I've also done some thinking that might be of interest about what a natural language modeling strategy looks like for Wikimedia that balances effectiveness of models with equity/sustainability of supporting so many different language communities: https://meta.wikimedia.org/wiki/User:Isaac_(WMF)/Language_modeling
Hope that helps.
Best, Isaac
On Wed, Jun 22, 2022, 10:43 Trey Jones tjones@wikimedia.org wrote:
Do you have examples of projects using NLP in Wikimedia communities.
I do! Defining NLP is something of a moving target, and the most common definition, which I learned when I worked in industry, is that "NLP" has often been used as a buzzword that means "any language processing you do that your competitors don't". Getting away from profit-driven buzzwords, I have a pretty generous definition of NLP, as any software that improves language-based interactions between people and computers.
Guillaume mentioned CirrusSearch in general, but there are lots of specific parts within search. I work on a lot of NLP-type stuff for search, and I write a lot of documentation on Mediawiki, so this is biased towards stuff I have worked on or know about.
Language analysis is the general process of converting text (say, of Wikipedia articles) into tokens (approximately "words" in English) to be stored in the search index. There are lots of different levels of complexity in the language analysis.

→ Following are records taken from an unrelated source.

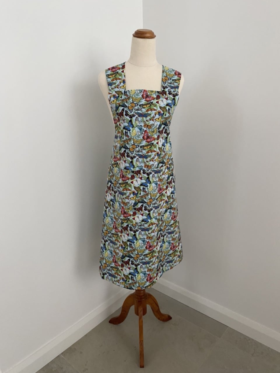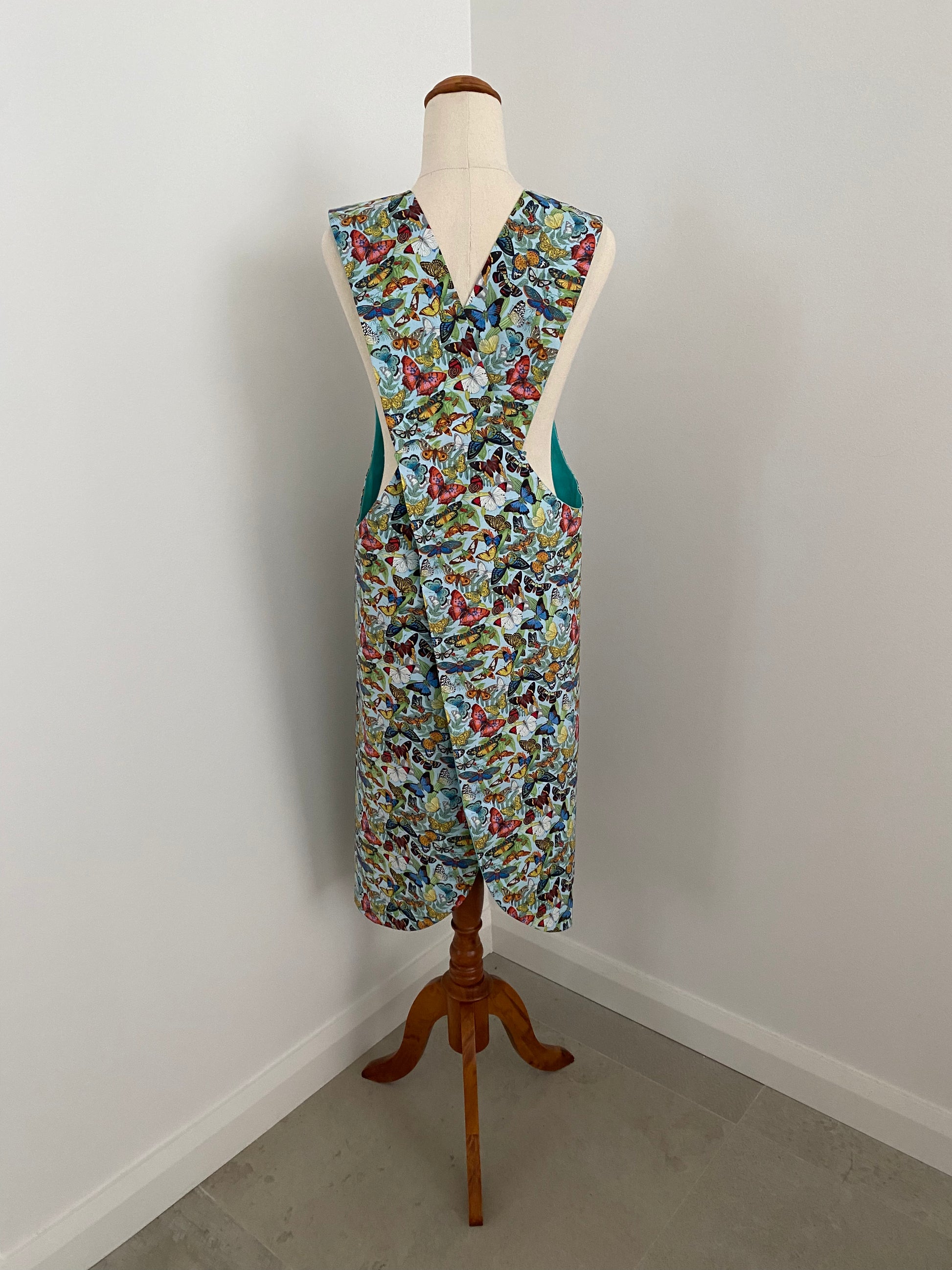 Please be aware that the lining of each apron may differ, as it is contingent on the availability of fabric stock. This ensures that while the outer butterfly pattern remains a consistent and charming feature, your apron may carry a unique lining, making it as individual as you are. Whether you're a culinary enthusiast or a crafting maestro, this Butterfly wrap-around apron is designed to cater to your needs with elegance and ease.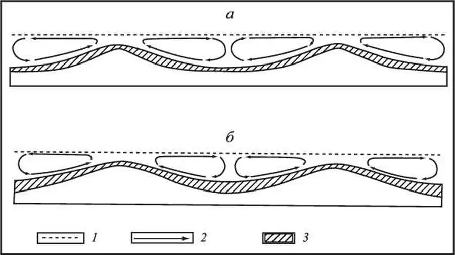 Схема накопления наилка на гривистой пойме под влиянием поперечной циркуляции полых вод (Шанцер, 1951): а - при умеренных скоростях течения, б - при очень малых скоростях течения (максимальное накопление в межгривных ложбинах).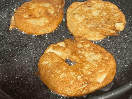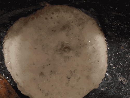 Fry until golden brown, flip and fry until cooked through.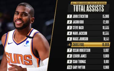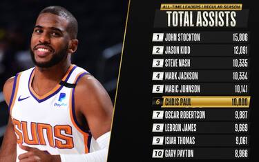 Una della point guard più efficaci della storia e a detta di molti un talento in grado di avere visione che raramente aveva calcato un parquet NBA: Chris Paul ha raggiunto così quota 10.000 assist in carriera; il sesto all-time in NBA. E tra meno di 500 punti potrebbe entrare in un altro club talmente esclusivo da non aver ancora accolto nessuno: unico giocatore di sempre con 10k assist e 20k punti, semplicemente Point God. Di seguito la top-10 con i passatori più prolifici di sempre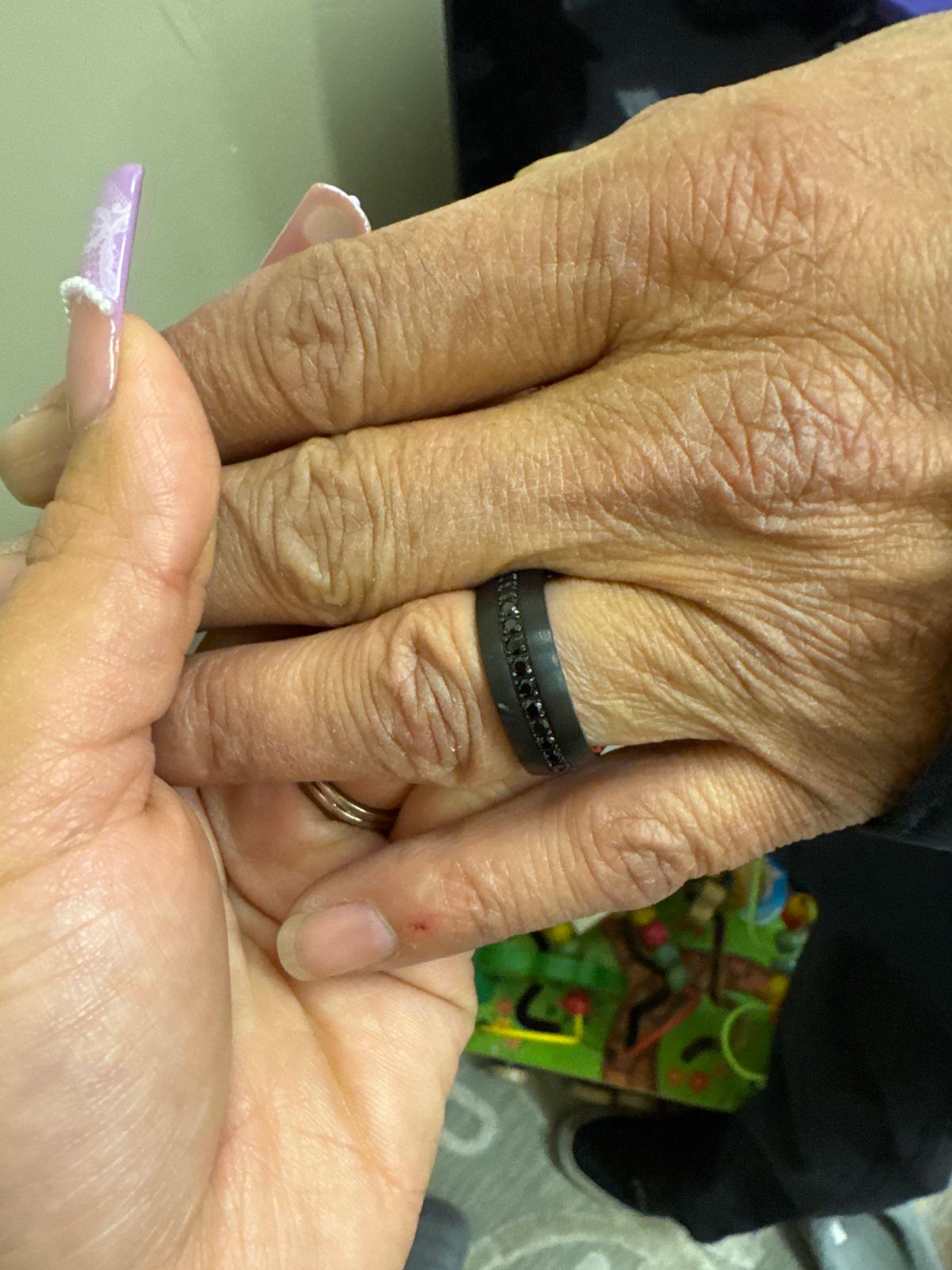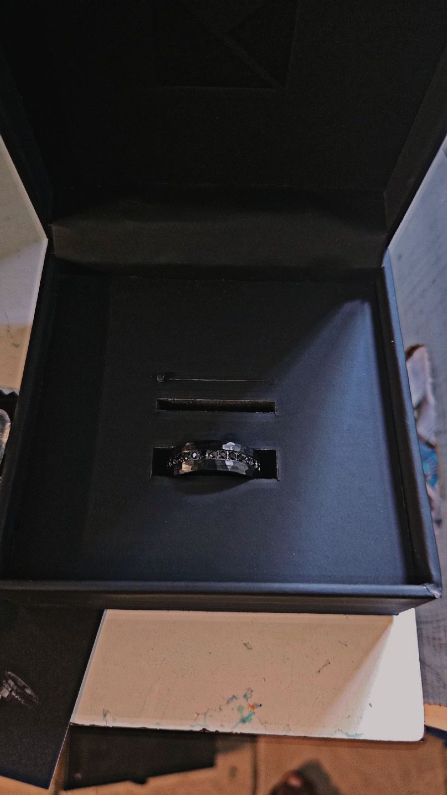 He loves his ring! At first he saw the silicon ring, then he saw the wiping cloth and asked why did he have that for a silicone ring. Then he was pleasantly surprised when he saw the ring! I am happy with my purchase. It was nice without being too flashy, just what he wanted. He liked the engraving also.

We currently use Elasticsearch, and they provide a lot of language-specific analysis tools (link to Elastic language analyzers https://www.elastic.co/guide/en/elasticsearch/reference/7.10/analysis-lang-analyzer.html), which we customize and build on.
Here is part of the config for English, reordered to be chronological, rather than alphabetical, and annotated:
"text": { "type": "custom", "char_filter": [ "word_break_helper", — break_up.words:with(uncommon)separators "kana_map" — map Japanese Hiragana to Katakana (notes https://www.mediawiki.org/wiki/User:TJones_(WMF)/Notes/Hiragana_to_Katakana_Mapping_for_English_and_Japanese ) ], "tokenizer": "standard" — break text into tokens/words; not trivial for English, very hard for other languages (blog post https://wikimediafoundation.org/news/2018/08/07/anatomy-search-token-affection/ ) "filter": [ "aggressive_splitting", —splitting of more likely *multi-part* *ComplexTokens* "homoglyph_norm", —correct typos/vandalization which mix Latin and Cyrillic letters (notes https://www.mediawiki.org/wiki/User:TJones_(WMF)/Notes/Homoglyphs) "possessive_english", —special processing for *English's* possessive forms "icu_normalizer", —normalization of text (blog post https://wikimediafoundation.org/news/2018/09/13/anatomy-search-variation-under-nature/ ) "stop", —removal of stop words (blog post https://wikimediafoundation.org/news/2018/11/28/anatomy-search-the-root-of-the-problem/, section "To be or not to be indexed") "icu_folding", —more aggressive normalization "remove_empty", —misc bookkeeping "kstem", —stemming (blog post https://wikimediafoundation.org/news/2018/11/28/anatomy-search-the-root-of-the-problem/ ) "custom_stem" —more stemming ], },
Tokenization, normalization, and stemming can vary wildly between languages. Some other elements (from Elasticsearch or custom-built by us):
- Stemmers and stop words for specific languages, including some
open-source ones that we ported, and some developed with community help.
- Elision processing (*l'homme* == *homme*)
- Normalization for digits (١ ٢ ٣ / १ २ ३ / ①②③ / 123)
- Custom lowercasing—Greek, Irish, and Turkish have special processing
- Normalization of written Khmer (blog post
https://techblog.wikimedia.org/2020/06/02/permuting-khmer-restructuring-khmer-syllables-for-search/ )
- Notes on lots more
https://www.mediawiki.org/wiki/User:TJones_(WMF)/Notes#Elasticsearch_Analysis_Chain_Analysis ...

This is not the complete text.